*** Block opens ***
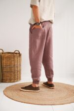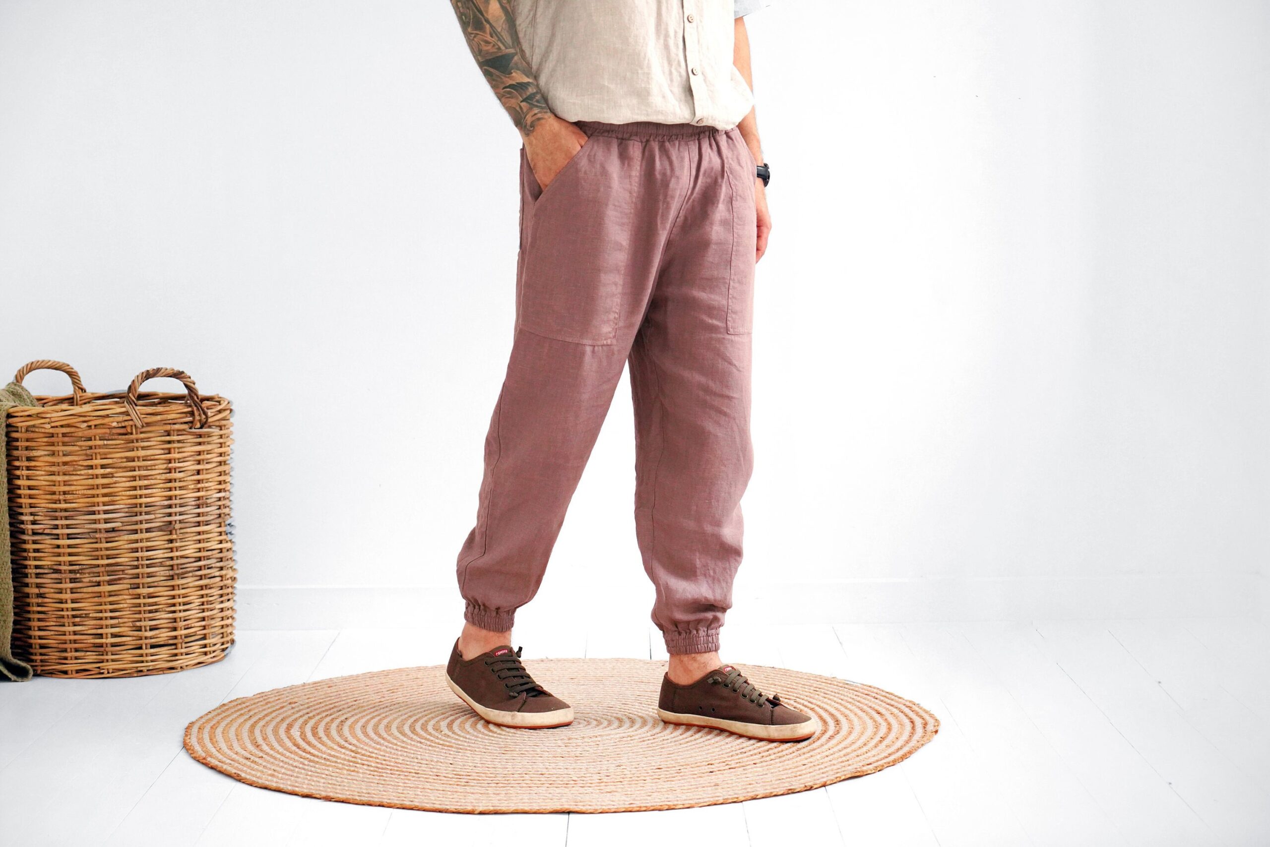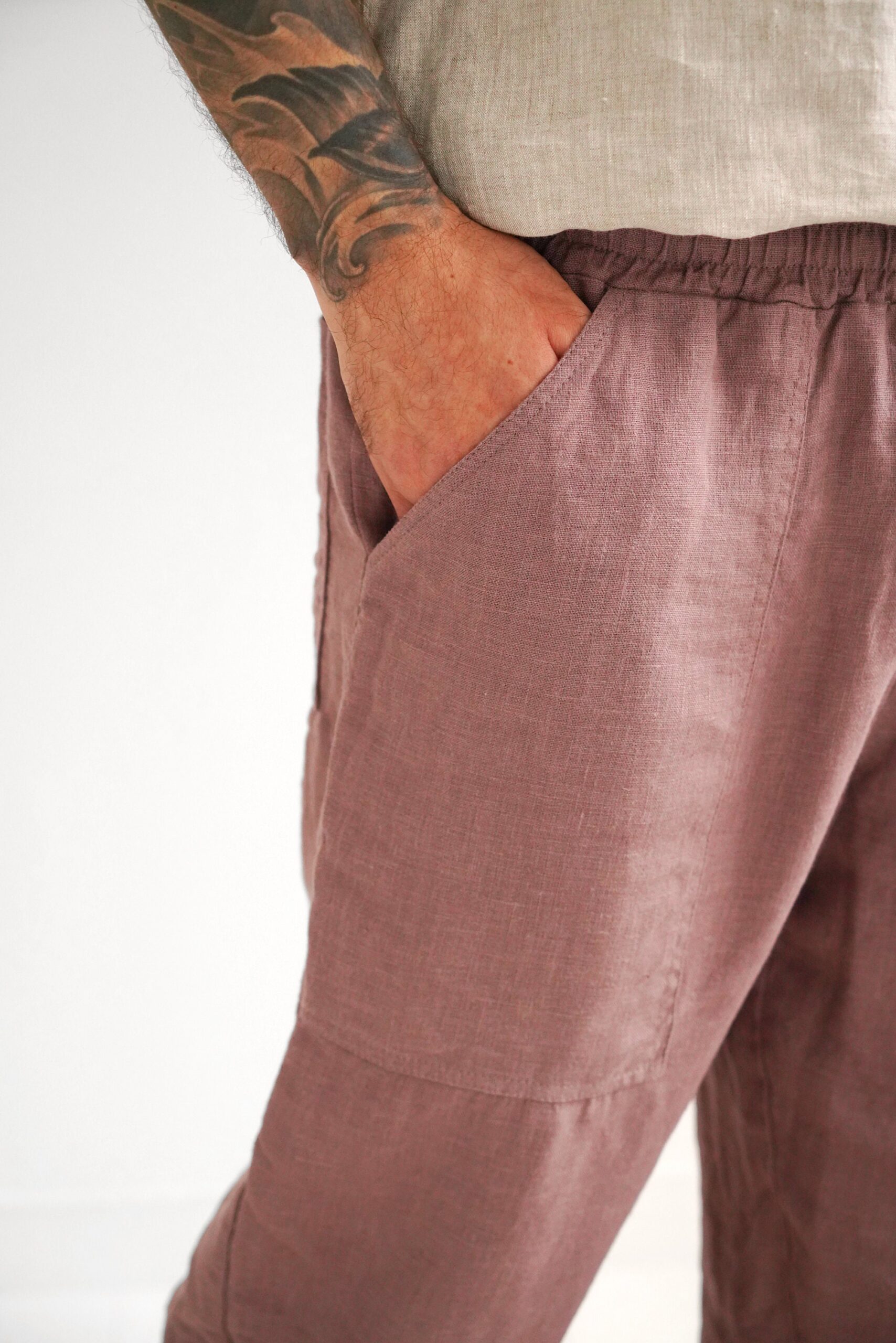 Drawstring Linen Pants Beige Mood Linen for Men Structured Profile
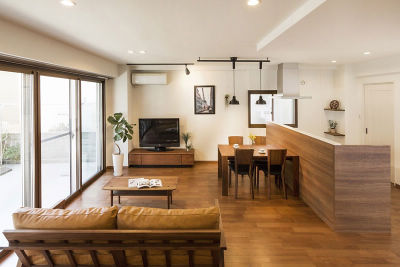 リビングが見渡せる対面式キッチン。背面には大きなパントリーを設けているので、キッチンはいつもきれいなまま。
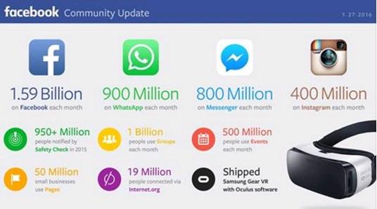 Ο Μαρκ Ζούκερμπεργκ, εφευρέτης και διευθύνων σύμβουλος του Facebook, έκανε μια ανάρτηση με τα νούμερα επισκεπτών τόσο για το Facebook όσο και για τις υπόλοιπες θυγατρικές της εταιρείας και τα νούμερα είναι τρομερά υψηλά. Όπως θα δείτε και στην φωτογραφία, 1,59 δισεκατομμύρια άνθρωποι το επισκέπτονται ανά μήνα.
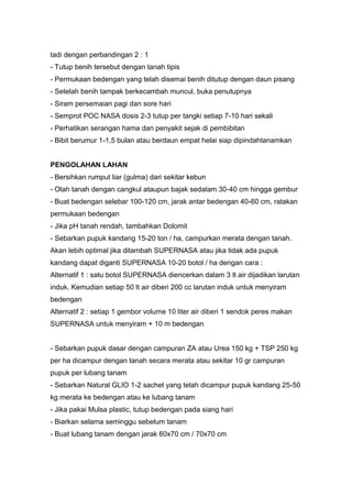 Dokumen ini membahas teknik budidaya terong untuk meningkatkan produksi dalam skala agribisnis dengan syarat tumbuh yang tepat dan langkah-langkah dari pembibitan hingga panen. Ditekankan pentingnya pengendalian hama dan penyakit serta pemupukan yang sesuai untuk mencapai hasil optimal. Metode pemangkasan, penyulaman, dan penggunaan pupuk organik juga diuraikan untuk memperbaiki kualitas tanaman.
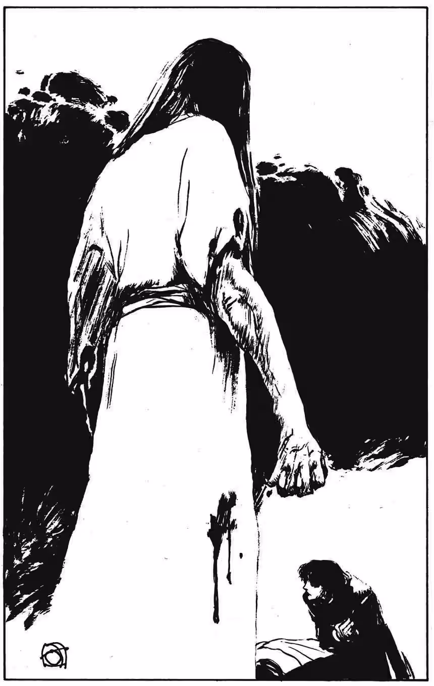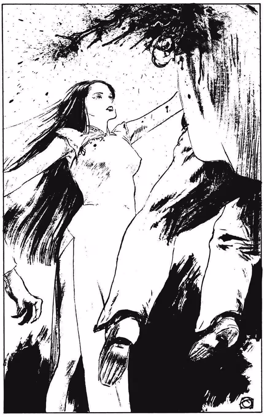 She licked her wrist. The blood stopped flowing. She cast her eyes down at the pool of blood at her feet, then spun around and dashed off into the darkness.
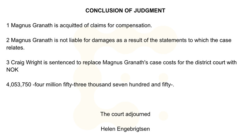 澳本聪需向Magnus Granath支付4,053,750挪威克朗(约合383,000美元)的诉讼费用。
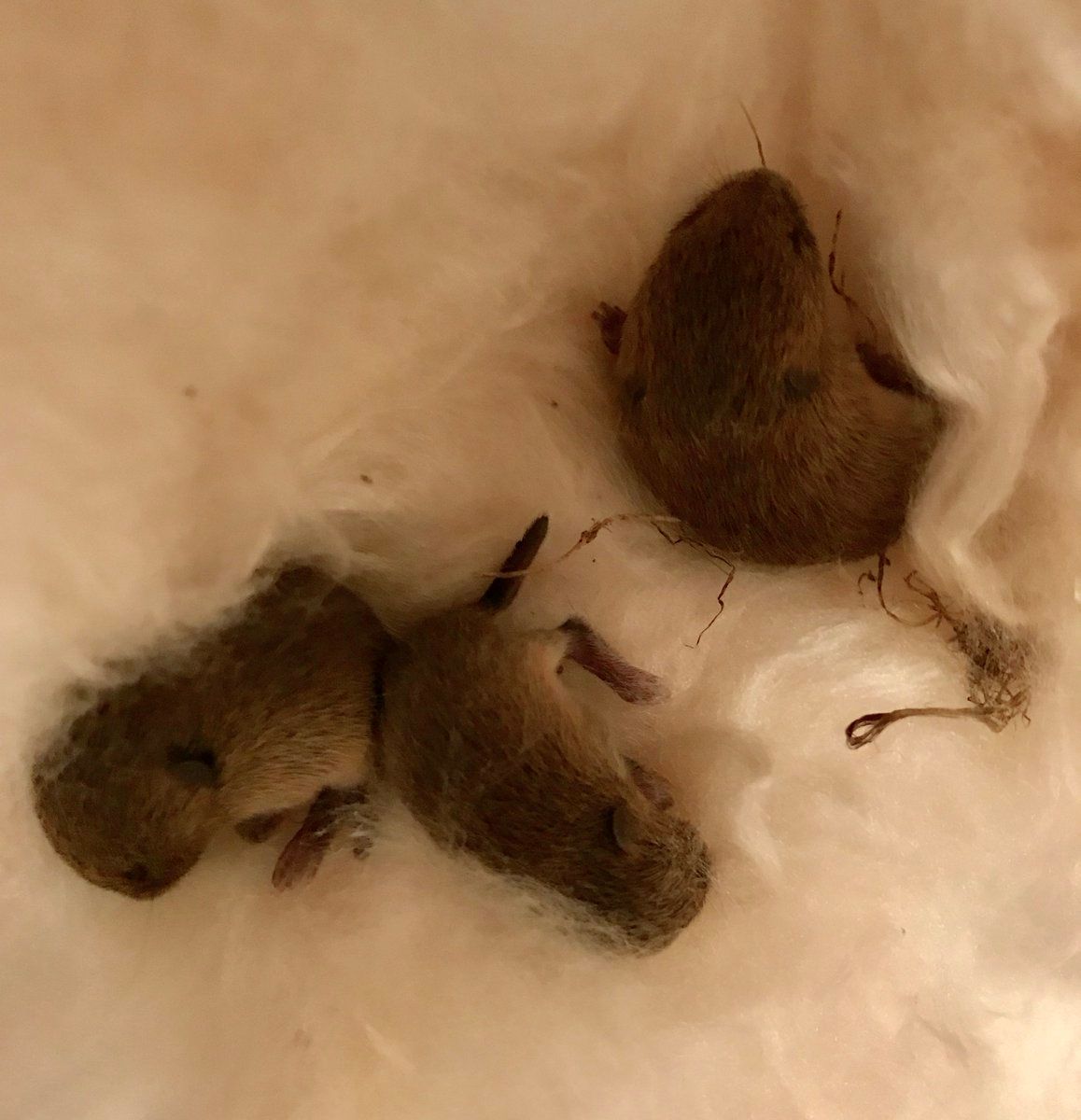 Just as Gerald the wood mouse is nearly ready for release back to the wild, we have acquired three new house-guests… (They are baby field voles, in case you were wondering)
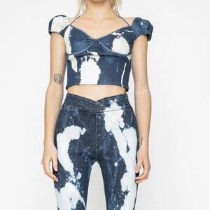 I.Am.Gia Despina Bleached Tie Dye Denim Halter Crop Top size XXS $90
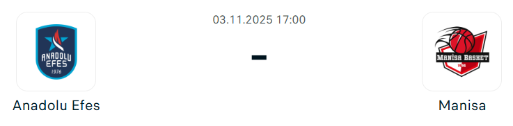 - Az Efes számára a fő kérdés, hogyan újulnak meg a baszkföldi vereség után, ahol mindössze 75 pontot szerzett és támadásban messze elmaradt saját szintjétől. A csapat vezérei Isaia Cordinier és Ercan Osmani, akik átlagosan 15,3 ponttal járulnak hozzá a győzelmekhez, míg PJ Dozier is stabilan teljesít 14 pontos átlaggal. Shane Larkin mindössze egy bajnoki meccsen lépett pályára, de 21 pontot szerzett, így visszatérése kulcsfontosságú lehet, bár Kokoskov hajlamos pihentetni sztárjait. Rodrigue Beaubois játéka kérdéses, míg Georgios Papagiannis és Vincent Poirier biztosan hiányzik. A Manisa hullámzó formában érkezik, az eddigi öt bajnokin három vereséget szenvedett, de legutóbb legyőzte a Merkezefendit, így némileg önbizalommal utazik Isztambulba. Oliver Kostic együttese rövidebb rotációval dolgozik, de küzdőszelleme nem megkérdőjelezhető. A csapat motorja Judah Mintz (15,2 pont), mellette Scoochie Smith és Isaiah Mobley (egyaránt 11,8 pont) biztosítják a fő támadóerőt, míg Yigit Onan stabil kiegészítő szereplő.
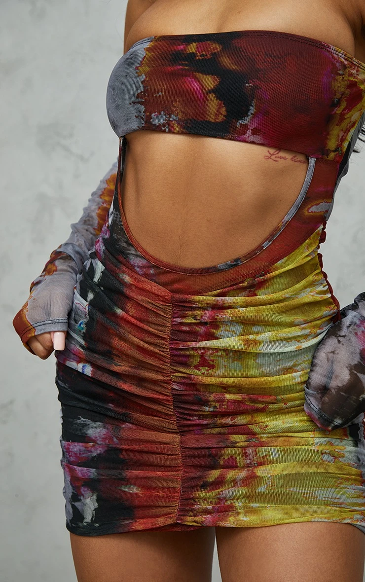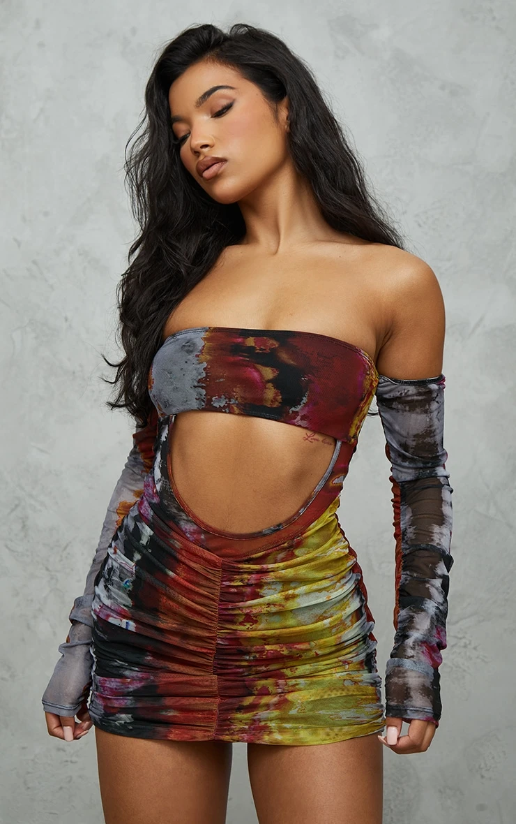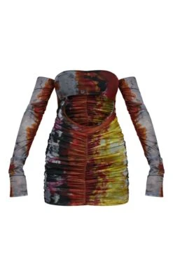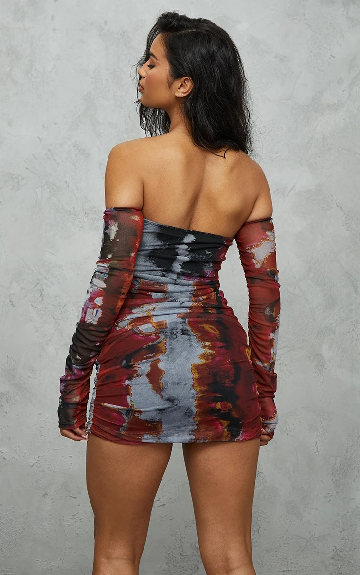 This rust grunge print mesh bardot ruched bodycon dress is sure to add some drama to your new season wardrobe. With a rust hue and a grunge print design for a look that is sure to add some edge to any look. This bodycon dress has a mesh detail and a bardot design for an effortlessly chic look that you wont be able to resist. Style with some black heels and some minimal accessories to take your look to new heights.
*** Block closes ***
Work required
Every line of the listing above is to be repeated exactly, with its pictures left out.

Exercise answer
 Drawstring Linen Pants Beige Mood Linen for Men Structured Profile
 リビングが見渡せる対面式キッチン。背面には大きなパントリーを設けているので、キッチンはいつもきれいなまま。
 Ο Μαρκ Ζούκερμπεργκ, εφευρέτης και διευθύνων σύμβουλος του Facebook, έκανε μια ανάρτηση με τα νούμερα επισκεπτών τόσο για το Facebook όσο και για τις υπόλοιπες θυγατρικές της εταιρείας και τα νούμερα είναι τρομερά υψηλά. Όπως θα δείτε και στην φωτογραφία, 1,59 δισεκατομμύρια άνθρωποι το επισκέπτονται ανά μήνα.
 Dokumen ini membahas teknik budidaya terong untuk meningkatkan produksi dalam skala agribisnis dengan syarat tumbuh yang tepat dan langkah-langkah dari pembibitan hingga panen. Ditekankan pentingnya pengendalian hama dan penyakit serta pemupukan yang sesuai untuk mencapai hasil optimal. Metode pemangkasan, penyulaman, dan penggunaan pupuk organik juga diuraikan untuk memperbaiki kualitas tanaman.
 She licked her wrist. The blood stopped flowing. She cast her eyes down at the pool of blood at her feet, then spun around and dashed off into the darkness.
 澳本聪需向Magnus Granath支付4,053,750挪威克朗(约合383,000美元)的诉讼费用。
 Just as Gerald the wood mouse is nearly ready for release back to the wild, we have acquired three new house-guests… (They are baby field voles, in case you were wondering)
 I.Am.Gia Despina Bleached Tie Dye Denim Halter Crop Top size XXS $90
 - Az Efes számára a fő kérdés, hogyan újulnak meg a baszkföldi vereség után, ahol mindössze 75 pontot szerzett és támadásban messze elmaradt saját szintjétől. A csapat vezérei Isaia Cordinier és Ercan Osmani, akik átlagosan 15,3 ponttal járulnak hozzá a győzelmekhez, míg PJ Dozier is stabilan teljesít 14 pontos átlaggal. Shane Larkin mindössze egy bajnoki meccsen lépett pályára, de 21 pontot szerzett, így visszatérése kulcsfontosságú lehet, bár Kokoskov hajlamos pihentetni sztárjait. Rodrigue Beaubois játéka kérdéses, míg Georgios Papagiannis és Vincent Poirier biztosan hiányzik. A Manisa hullámzó formában érkezik, az eddigi öt bajnokin három vereséget szenvedett, de legutóbb legyőzte a Merkezefendit, így némileg önbizalommal utazik Isztambulba. Oliver Kostic együttese rövidebb rotációval dolgozik, de küzdőszelleme nem megkérdőjelezhető. A csapat motorja Judah Mintz (15,2 pont), mellette Scoochie Smith és Isaiah Mobley (egyaránt 11,8 pont) biztosítják a fő támadóerőt, míg Yigit Onan stabil kiegészítő szereplő.
 This rust grunge print mesh bardot ruched bodycon dress is sure to add some drama to your new season wardrobe. With a rust hue and a grunge print design for a look that is sure to add some edge to any look. This bodycon dress has a mesh detail and a bardot design for an effortlessly chic look that you wont be able to resist. Style with some black heels and some minimal accessories to take your look to new heights.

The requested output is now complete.